The March 2009 crisis demonstrated the tensions between the Prime Minister and the President. It was apparent that Prime Minister Gilani was not very happy with President Zardari's decisions. The close ties between Prime Minister Gilani and the Sharif brothers were also visible as Nawaz Sharif publicly asked the Prime Minister to do something to solve the problem. As Nawaz Sharif stated on March 17 "The PM has been neutral on this issue. Of course, it is Mr Zardari who actually did not honor his commitment, but PM personally made no commitment to us and all along he's been quite supportive."

Prime Minister Gilani, however, has time and again reiterated that he will "change the system", which gives sweeping powers to the President. The Prime Minister has often vowed to return to Pakistan's National Assembly the authority it lost in 2003. As Mr  Gilani has often stated, "We have to return to parliamentary democracy on the lines of Westminster." This means not only a repealing of the 17th Amendment and thus a de jure reduction in power of the President, but also a de facto change.

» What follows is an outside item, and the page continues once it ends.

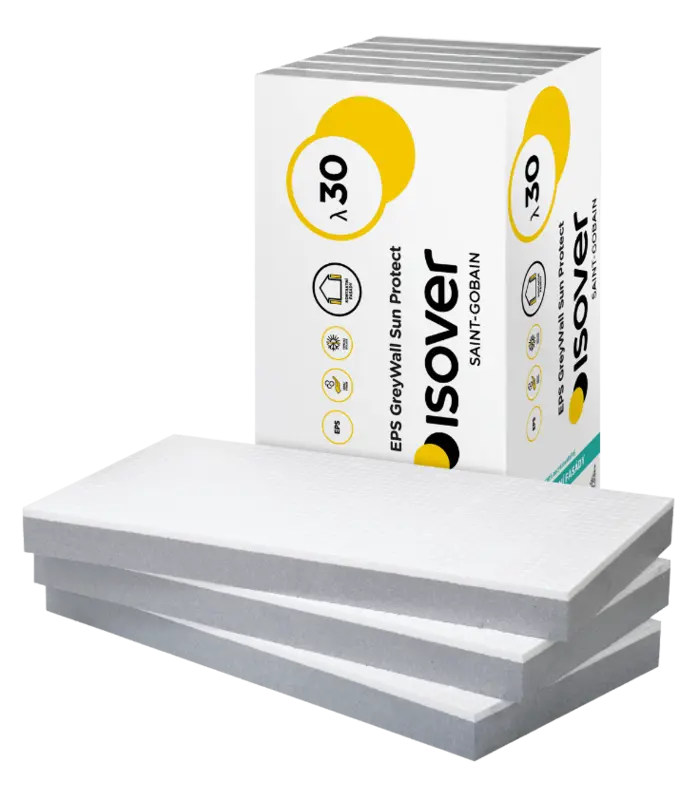 Izolační desky Isover EPS GreyWall Sun Protect jsou nejnovějším typem EPS desek vyráběných do forem. Miliony buněk izolantu se stopovou přísadou grafitu účinně odrážejí teplo zpět k jeho zdroji a podstatně tak zlepšují izolační vlastnosti. Desky jsou opatřeny lícovou bílou vrstvou (bílý povrch aplikovat vždy směrem od zateplované stěny) a tím jsou ochráněny proti působení přímého slunce při montáži. Desky je tak možno montovat na bytové domy i ze závěsných lávek. Izolační desky Isover EPS GreyWall Sun Protect jsou vyrobeny pomocí nejnovějších technologií bez obsahu CFC a HCFC (známé jako freony). Moderní technologie zajišťuje stálou kvalitu a minimální energetickou náročnost výroby, což deskám zajišťuje výborný poměr cena/výkon. Veškeré desky EPS Isover se vyrábějí v samozhášivém provedení se zvýšenou požární bezpečností.

Prime Minister Gilani would like a change in the current 'balance of power' between the two centres. The differing views of the Prime Minister and President on 'balance of power' was recently seen when the PPP information secretary Fauzia Wahab said that the prime minister should not be "so strong" and there should be a "balance of power" between him and the president. Prime Minister Gilani retorted by saying, "What Fauzia Wahab says does not matter; it is for the nation to decide."

Time and again, conflicts between Pakistan's political leaders and their desire for absolute power and control have opened the door for military coups and autocratic rule. There is nothing new or strange about disagreements between various centres of power in any political system. The problem in Pakistan, however, is that since the political system has never formed firm roots most political conflicts -- whether minor or major -- have rarely remained limited to the political arena.

In most democracies conflicts between the executive and judiciary or between the executive and legislature are routinely decided within the chambers of these institutions. In Pakistan, the aggrieved political party tends to try to demonstrate its street power. However, the end result has rarely been what the political party or power group hoped to achieve and has normally resulted in a military coup.

We saw this as early as 1952-1953 when two Muslim Leaguers, Daulatana and Mamdot, fought for the post of chief minister of Punjab and each side demonstrated his power through street protests. The anti-Ayub demonstrations in the late 1960s, the anti-Ahmadiyya demonstrations in 1973 and the anti-Bhutto movement in the late 1970s followed a similar pattern. Both Nawaz Sharif and Benazir Bhutto used street protests to de-legitimise the other's rule during the 1990s.

In each case, the political parties are not able to control these demonstrations and often give in to the street power of the Islamist parties. Often the military sees this as an opportunity to walk in and take over power. The military is able to show that the 'parliamentary system' is ineffective and unsuitable to Pakistan and the political parties and their leaders are inefficient, quarrelsome, power-hungry and corrupt.

Pakistan has faced political uncertainty for most of its 62 years of existence. What Pakistan, and Pakistanis, need today is political stability. Both Mr  Gilani and Mr  Zardari spent years in prison as political prisoners. One hopes they will not repeat the mistakes of the past and this time round Pakistan will experience years of democratic rule.

Aparna Pande is a doctoral candidate and lecturer in political science at Boston University.